Figure 1 Weighted mean covariate balance (assessed by TASMD) and KS test statistic for control units using multiple ATT estimation methods in the re-analysis of Black and Owens (Reference Black and Owens2016).
Note: In the TASMD plot, each symbol shows the standardized difference between the weighted mean of the control and treated data for each covariate and method. The gray vertical line marks where the TASMD value is 0.1. In the KS statistic plot, each symbol shows the maximum absolute difference in the ECDFs of the control and treated groups, using both raw and weighted control data. The gray vertical line marks KS statistics at 0. SC med is the JCS score of the median Supreme Court justice; Panel JCS is the ideological distance between a judge and the remaining panelists; JCS score is each judge’s JCS score; Ideo. Distance is the ideological distance between the judge and the president; Court reversal is whether the circuit court reversed the lower court; Circuit med is the JCS score of the median judge on the circuit; and Case pub. is whether the case was published.
Looking at Figure 1a, we see that the non-CEM methods, with the exception of the URI estimator, all produce good to very good balance as evidenced by TASMD values below 0.2 and in most cases below 0.1. The MRI estimator of ATT, the propensity score weighting estimator of ATT, and the entropy balancing estimator of ATT produce especially good balance—although it is important to note that the MRI estimator achieves this balance with negative weights, i.e., via extrapolation.Footnote 35
Similarly, the weighted KS test statistics compare the weighted distribution of control units to the target distribution, which is the treated group in this case. KS statistics indicate the maximum absolute difference between the empirical cumulative distribution functions (ECDFs) of the two distributions. As a normalized measure, the distance ranges from 0 (identical distributions) to 1 (completely different distributions). Figure 1b plots the KS test statistics for the covariates, comparing raw and weighted control units and treated groups. As we see, almost all methods reduce the KS statistics compared to the raw data, thereby improving distributional balance.
The comparison in Figure 1 clarifies how different methods handle data at hand and provides guidance for examining specific covariate of interest. For example, Ideo. Distance measures ideological distance between the judge and the president, is an important confounder given the research question. Figure 1 shows the unweighted control and the treated group exhibit poor mean and distributional balance. Among all methods, entropy balancing performs the best in achieving both mean and distributional balance.Footnote 36
Looking at the various weighted QQ-plots for these covariates helps to clarify how balance is being improved. Given space limitations, we present a single weighted QQ-plot for the Ideo. Distance covariate among contender judges in Figure 2. Here we see that in the raw data, Ideo. Distance is quite different among treated and control units. Entropy-balancing weights help to shrink this difference. That said, differences on this covariate between treated and control units remain after applying the entropy-balancing weights. While one might favor the entropy balancing results over the other results, one might also wonder whether any of the estimation approaches provide sufficient control of confounding.
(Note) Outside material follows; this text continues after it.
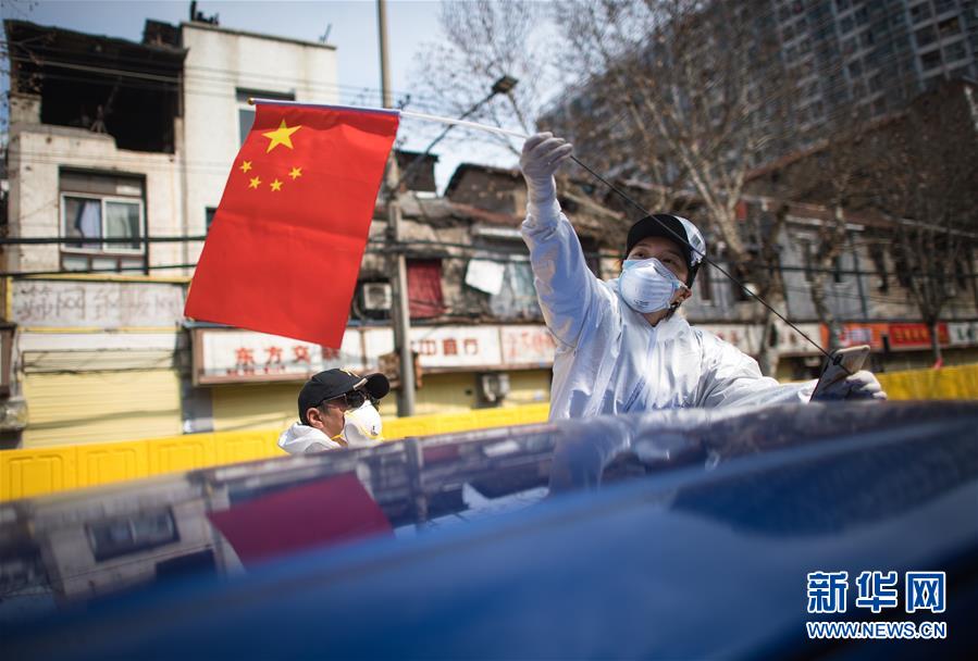 2月29日,W大武漢緊急救援隊隊長王紫懿(右)將國旗插在車上。 新華社記者 肖藝九 攝

Figure 2 Quantile-quantile plot for Ideo. Distance with raw and entropy-balancing-weighted data for contender judges.
Note: The X-axis depicts weighted quantiles of ideological distance between the judge and the president for the control units, while the Y-axis shows depicts weighted quantiles of ideological distance for the treated group, which is the target distribution in this case. A point on the 45-degree line indicates equality of the quantiles represented by that point.
Given these diagnostics, it seems that the estimation approaches with the fewest obvious problems (as revealed by the diagnostics) are propensity score weighting and entropy balancing. If these approaches produced results that were consistent with Black and Owens’ hypothesis of promotion-seeking behavior among judges, then we might conclude that the overall takeaway from Black and Owens (Reference Black and Owens2016) is correct, even if the estimation method they preferred in that paper doesn’t work well in that application. Going back to Table 1, we see that this is not the case. Neither the propensity score weighting nor the entropy balancing estimates show that contenders respond differently to a vacancy than do non-contenders. If anything, the point estimates from propensity score weighting and entropy balancing (as well as nearest-neighbor matching) are actually larger for the non-contenders than for the contenders (though none of the differences are statistically significant).
To conclude, based on Table 1 and Figure 1, when it comes to estimating ATT for contender judges, propensity score weighting and entropy balancing are better choices than the default application of CEMFootnote 37 for this application. At the least, these approaches use the data more efficiently, do not generate extreme influential data points, do not extrapolate, and produce good covariate balance. Unfortunately, though, neither propensity score weighting nor entropy balancing produces results that support the authors’ hypotheses. For the contenders, the causal effect of a vacancy on voting is not statistically different from 0 based on the propensity score weighting estimator and substantively fairly trivial based on the entropy balancing estimate. As for the non-contenders, there is evidence that a vacancy exerts a small, significant effect on voting behavior—against the authors’ expectation.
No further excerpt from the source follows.